Member of the Provincial Assembly of the Punjab
- In office 21 July 2022 – 14 January 2023
- Preceded by: Saeed Akbar Khan
- Constituency: PP-90 Bhakkar-II

Personal details
- Born: November 8, 1963 (age 62) Mianwali, Punjab, Pakistan
- Party: PTI (2022-present)
- Other political affiliations: PMLN (2018-2022)
- Relations: Inamullah Niazi (brother) Najeebullah Khan Niazi (brother) Hafeez Ullah Niazi (brother) Imran Khan (cousin)
- Education: University of the Punjab, Lahore
- Profession: Businessman and Agriculturist

= Irfan Ullah Khan Niazi =

Pakistani politician

Irfan Ullah Khan Niazi is a Pakistani politician who had been a member of the Punjab Assembly from July 2022 till January 2023. He won a by-election on 17 July 2022, for the seat vacated by Saeed Akbar Khan and took oath as a Member of the Punjab Assembly on 21 July 2022. He served as the Parliamentary Secretary for Irrigation from September 2022 to January 2023.

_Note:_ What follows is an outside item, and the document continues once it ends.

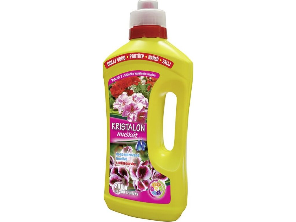 KRISTALON Muškát - koncentrované hnojivo v láhvi představuje zcela revoluční způsob použití. Usnadní přípravu kapalného koncentrátu. Jeho aplikace při namíchání hnojivé zálivky bude rychlejší a bezpečnější. Toto prémiové hnojivo je vhodné pro muškáty a pro ostatní balkónové rostliny – surfinie, begonie, fuchsie, lobelky, vějířovky, gazánie atd. Ve čtyřech krocích (dolij vodu - protřep - nařeď - zalij) lze dodat rostlinám zásobu všech základních živin. Ty jsou pro rostliny dobře přijatelné. Rostliny jsou zelenější a vytvářejí bohatší kvetení. Mikroprvky v hnojivu (bór, molybden, měď, železo, mangan a zinek) působí na rostliny blahodárně jakovitamíny.

== Early and personal life ==
Niazi was born in Mianwali on 8 November 1963 and graduated from the University of Punjab in Lahore. He is a businessman and an agriculturist.

His brother Inamullah Khan Niazi served as a Member of the Punjab Assembly (MPA) from 1993 to 1996 and 2014 to 2018 and as a Member of the National Assembly from 1997 to 1999. Another brother, Najeebullah Khan Niazi, was an MPA from 1997 to 1999 and 2013 to 2014.

== Political career ==
He contested the 2018 Punjab provincial election from PP-90 Bhakkar-II as a candidate of the Pakistan Muslim League (N) (PML(N), but was unsuccessful. He received 45,026 votes and was defeated by Saeed Akbar Khan, an independent candidate.

He was elected to the Provincial Assembly of the Punjab from PP-90 Bhakkar-II as a candidate of the Pakistan Tehreek-e-Insaf (PTI) in the July 2022 Punjab provincial by-election. He received 78,986 votes and defeated Saeed Akbar Khan, a candidate of the PML(N).